Since it was first filed initiated in court in 1994 the SON lawsuit has claimed damages totalling $90 billion, an amount often cited in news media reports. In legal parlance it’s known as a “placeholder,” John Bainbridge, a lawyer with land claim experience, wrote in the Bruce Peninsula Press in August, 2019. “Any litigant who fails to put in a figure for compensation in their Statement of Claim will get zero dollars if they win the lawsuit. If the SON establish that they have a valid claim, a negotiation will begin to determine an accurate figure for compensation that will probably fall far short of $90 billion,” Bainbridge wrote. He noted “the Nunavut Land Claims Agreement is one of the biggest so far in Canada and the compensation they received was $1.4 billion.”

The SON lawsuit is being handled by the Ontario court, as agreed by the participants, as a two-phase process. It’s still in the first stage, to determine the merit, to one degree or another, of the SON claims. If in favor of SON to whatever extent as determined in phase one, the second phase will consider an appropriate amount of compensation and how that will be paid.

In that event, given the fiscal restraints of government coffers, made worse by the current Covid 19 pandemic, a purely financial settlement is unlikely. The stage has been set for settlements based on land transfers, as in the three out-of-court settlements already reached.

The overall process, as it now stands, may yet take more years. Or there may be a final out-of-court settlement involving the remaining defendants sooner, possibly in 2022. A lot depends on motivation of the two senior defendants, the federal and Ontario governments.

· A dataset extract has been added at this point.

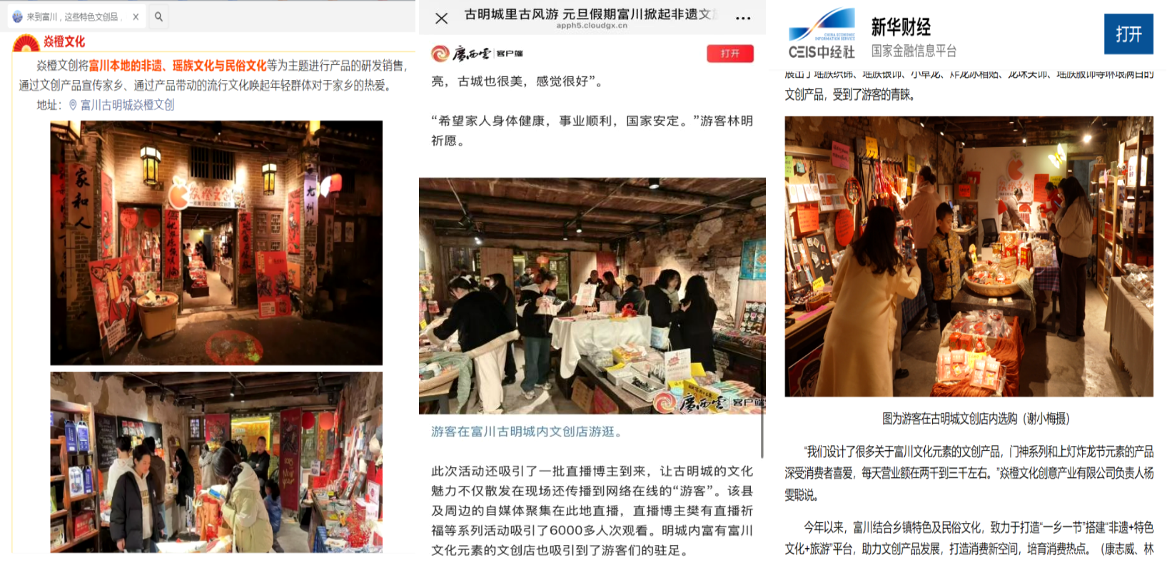 线下在古明城设立总店并进驻景区,线上通过新媒体推广文化故事,构建多维度营销体系。门神系列、"上灯炸龙节" 元素产品单日最高营业额达 3000 元,总销售额近 10 万元。计划与广旅富兴公司、秀水民族写生基地等知名企业开展战略合作,为产品的进一步推广和销售搭建了更广阔的平台。通过 "非遗 + 旅游" 模式提升文化体验附加值,带动景区客流量增长 20%。

In the spirit of full disclosure, I note here that the province has about 2,000 acres (809 hectares) of Crown land in Hope Ness. My home and property are surrounded on three sides by it, including the Hope Bay Nature Reserve. That land is a prime candidate for inclusion in a potential Ontario/SON settlement.

Am I worried about that, for my sake, and the sake of my family? Not really. Despite the dishonourable way they were treated, over and over again, since before 1836, the Saugeen/Nawash people chose the path of peace in the courts of their historic oppressor to seek justice. That was, and remains a huge expression of hopeful trust in the current processes of the Crown and Canada, as well as the inherent justice of their cause.

And that is a thought worth taking in consideration as everyone on the peninsula waits, and thinks, about how the claim will, or should be, settled.